Data quantity, quality, and their control
In ML, the data are of high dimensionality and the sample size is large, so-called Big Data. An exploration of each subgroup of the data can reveal hidden structures by extracting important common features across many subgroups even when there are large individual variations. This is not feasible when the sample size is small because outliers may be mistakenly identified [51]. However, Big Data, a term applicable to EMRs, are inevitably characterized by certain weaknesses [51-53]. High dimensionality brings noise accumulation, spurious correlations, and incidental endogeneity [51]. In addition, because the massive samples in Big Data are typically aggregated from multiple sources at different times using different technologies, issues of heterogeneity, experimental variation, and statistical bias arise. Medical data are no exception, as there are clear differences between the formats used in EMRs, laboratory instruments, scales, assay reagents, and laboratory data notation methods. Furthermore, clinical and laboratory elements are often recorded incompletely or according to the preference of the particular doctor and therefore differently. In fact, the accuracy, completeness and comparability of EMR data were shown to vary from element to element by 10% to 90% [54]. The same disease code may be differently defined depending on the updated criteria, and coding errors inevitably occur because for the most part humans perform the recording. According to the Korean National Health Insurance claims database, true RA made up 91.4% of the total RA disease codes based on the RA identification algorithm [55]. Hence, to handle these challenges, aggressive quality control is needed [56], including data cleansing and refining techniques, such as error correction, removal of outliers, missing data interpolation, normalization, standardization, and de-batching. However, these processes rely on expert human judgment. Since even complex and sophisticated algorithms will not produce good results if the quality of the input data is poor, refinement of input data to improve their quality will provide better results even if the algorithm is less than optimal [37,57]. As has often been noted: “garbage in, garbage out” [58].
Data preprocessing
Raw data are usually not in a structure that is convenient for researchers to work with and not organized enough to be ready for ML. Data preprocessing refers to any transformation of the data before a learning algorithm is applied. It includes example finding and resolving inconsistencies; imputation of missing values; identifying, removing, or replacing outliers; discretizing numerical data or generating numerical dummy variables for categorical data; dimensionality reduction; feature extraction/selection; and feature scaling (normalization, standardization or Box-Cox transformation) [59]. Of these, feature scaling through standardization (or Z-score normalization) is an important preprocessing step for many ML algorithms. Predictor variables with ranges of different orders of magnitude can exert a disproportionate influence on the results. In other words, in the context of an algorithm, predictor variables with a greater range of scale may dominate. The scaling of feature values implicitly ensures equal weights of all features in their representation and should be the applied preprocessing approach in ML algorithms such as linear regression, SVM, and k-nearest neighbors [37].

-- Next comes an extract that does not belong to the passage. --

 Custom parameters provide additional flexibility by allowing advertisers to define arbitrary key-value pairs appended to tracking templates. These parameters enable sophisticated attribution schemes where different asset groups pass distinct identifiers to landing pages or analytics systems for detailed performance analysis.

Training, validation, and test datasets
For ML, the data are usually split into training, validation, and test datasets. The training dataset is the data sample used to fit the model. The validation dataset is the data sample used to provide an unbiased evaluation of a model fit on the training dataset while tuning model hyperparameters; it is regarded as a part of the training set. The test dataset is the data sample used to provide an unbiased evaluation of the fit that the final model achieved with the training dataset [36,37,60]. If the categorical variables are unbalanced, stratified sampling is favored. When a large amount of data is available, each set of samples can be set aside. However, if the number of samples is insufficient, removing data reduces the amount available for training. This can be mitigated by the use of resampling methods such as cross-validation and bootstrapping [60,61]. In general, a repeated 10-fold cross validation is recommended because of the low bias and variance properties of the performance estimate and the relatively low computational cost [37].

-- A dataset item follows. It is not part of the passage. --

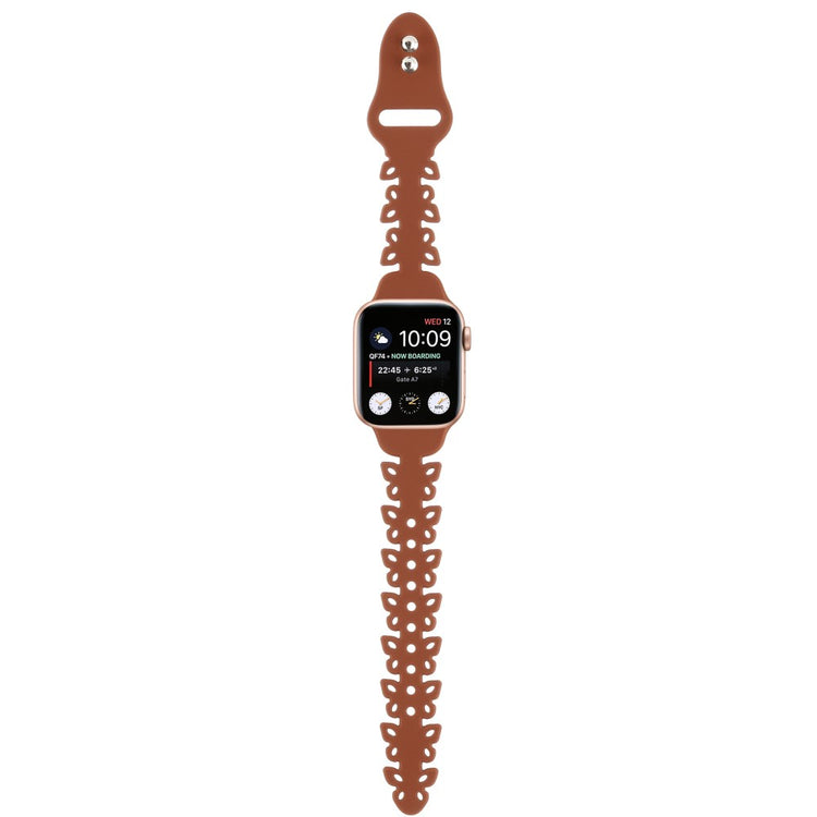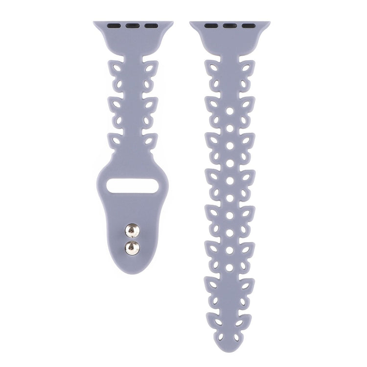Entscheiden Sie sich für unser Armband für die Apple Watch Series 9 / 8 / 7 41mm / 6 / 5 / 4 / SE (2022) / SE (2023) / SE 40mm / 3 / 2 / 1 38mm und profitieren Sie von zahlreichen Vorteilen! Dieses hochwertige Silikonmaterial sorgt nicht nur für Langlebigkeit, sondern auch für einen angenehmen Tragekomfort. Das hollow Design macht das Armband besonders atmungsaktiv, was es ideal für den täglichen Gebrauch macht. Mit der Schmetterlingsform wird Ihr Gerät zusätzlich stilvoll und elegant aufgewertet. Die vielfältigen Löcher ermöglichen eine einfache Größenanpassung und sorgen dafür, dass das Armband stets perfekt sitzt. Es ist der ideale Ersatz für Ihr altes oder defektes Armband und eignet sich sowohl für arbeitsbezogene als auch für freizeitliche Anlässe. So können Sie Ihre Apple Watch ganz nach Ihrem persönlichen Stil anpassen und dabei stets elegant und modern auftreten.

Bias-variance trade-off and overfitting
ML methods are often hindered by bias-variance trade-offs when a high-dimensional dataset with an inadequate number of samples is to be fitted [36,37,61]. Bias is the training error of the model; that is, the difference between the prediction value and the actual value. Models with a high bias tend to underfit, by applying a simpler model to describe a dataset of higher complexity. For example, if the goal is to capture the half-life relationship of protein degradation, a known non-linear process with exponential decay, the use of a linear model will not result in accurate prediction of protein levels at any time point, no matter how many training samples make up the dataset. By contrast, variance expresses the sensitivity of the model to small perturbations in the input. A model of high variance will provide substantially different answers (output values) for small changes in the input, because of overfitting of its parameters to the training dataset at hand [61]. This prevents generalizations (and thus the ability of the model to perform well) to other datasets never seen by the model, i.e., those it has not been trained on. In general, variance increases and bias decreases with increasing model complexity [36,62].
Many ML algorithms are susceptible to overfitting because they have a strong propensity to fit the model to the dataset and minimize the loss function as much as possible. Because the goal of ML is to make the model generalizable from learning the training data, and not to obtain the best model well-fitted for the training data, proper measures should be taken depending on the type of algorithm. The most popular solutions for overfitting are training with more data of high-quality and the least amount of noise, cross-validation, early stopping, pruning (remove features), regularization, and ensembling [36,37,61,63]. The appropriate combination should be selected depending on the purpose of the study, the characteristics and size of the dataset, and the learner type.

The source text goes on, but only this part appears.